Etrange remake américain de la version japonaise (Ju-on) par son propre réalisateur, The Grudge laissait espérer au mieux un nouveau classique de la ghost horror made in Japan, au pire une aimable série B flirtant entre Kurosawa et Nakata. Le résultat est une terrible déception puisqu’il atteint à peine l’intensité molle du maigre The Eye des frères thaï Pang : vague histoire de fantôme que ne relie même plus la moindre trace de scénario. En gros, tout ceux qui franchissent le seuil d’une maison maudite se voient trucidés par le spectre d’une atroce fillette brune. Une étudiante américaine venue là par hasard va s’en apercevoir à ses dépens.

A partir d’un tel canevas, on passe vite à l’essentiel : faire se succéder les scènes d’épouvante sur un rythme assez trépidant, l’ensemble prenant la forme d’un film à sketches tenu par le personnage de Sarah Michelle Gellar (encore plus insipide que dans Buffy), sorte de prétexte ou de filtre autour duquel se croisent une petite galerie de proies faciles. A mi-chemin du slasher ascétique à l’Américaine et de la volonté d’abstraction des films de Kurosawa, le film penche rapidement du premier côté, refusant la plupart du temps le moindre effet dérangeant. Pas de gore, rien de bien vénéneux : resterait alors l’opportunité de la pure maîtrise des effets d’esthète, à la Ring. Mais The Grudge, malgré ses tentatives de cadrages hyper-travaillés, son recours constant à la surenchère plastique (escaliers filmés comme des toiles d’araignée high-tech, utilisation de multiples régimes d’images), ne fait que s’en remettre au pire : volume sonore porté à son maximum lors des scènes choc (cut immédiat), artillerie de vieux train fantôme.
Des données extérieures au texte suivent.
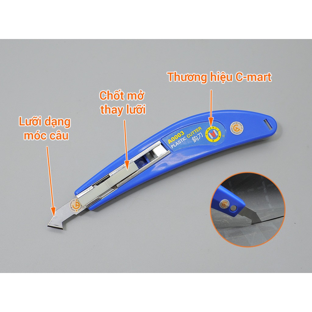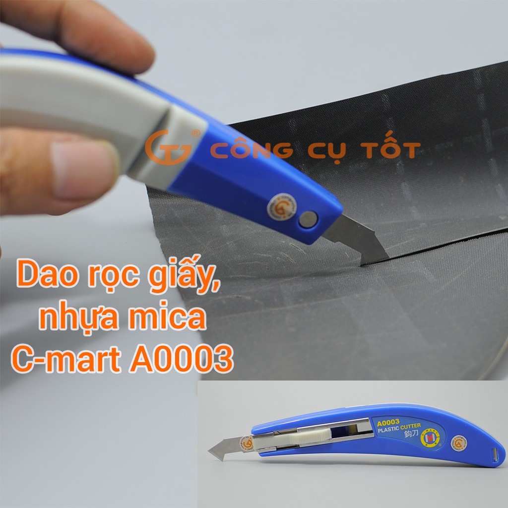 Dao cắt mica C-Mart A0003 khá đa năng dùng để cắt , rọc tấm mica, alu, tấm đồng, cắt mạch phíp điện tử rất tốt.Dao móc câu C-Mart A0003 khá đa năng dùng để cắt , rọc tấm mica, alu, tấm đồng, cắt mạch phíp điện tử rất tốt. Ngạch móc câu có thể dùng như một dụng cụ gọt ba via sau khi cắt.

Produit assez écoeurant pour sa fadeur opportuniste, un tel film est surtout un grand rendez-vous manqué. A l’heure où le gore crade revient en force à Hollywood, la greffe rêvée de l’entertainment US et du si singulier fantastique nippon prend des allures de gros pétard mouillé. Triste, surtout quand on voit à quel point le projet, par son caractère assez gratuit (plus de scénario, juste l’occasion de faire monter la tension à tout va) aurait pu devenir le prototype et la matrice de ce que l’on est en droit d’attendre aujourd’hui du genre. Taashi Shimizu n’est qu’un tâcheron minable et poseur : souhaitons que ce lamentable foirage ne soit qu’une transaction manquée entre Extrême-Orient et Occident. On attendra l’improbable Dark water (remake du chef-d’oeuvre de Nakata) par Walter Salles pour se prononcer.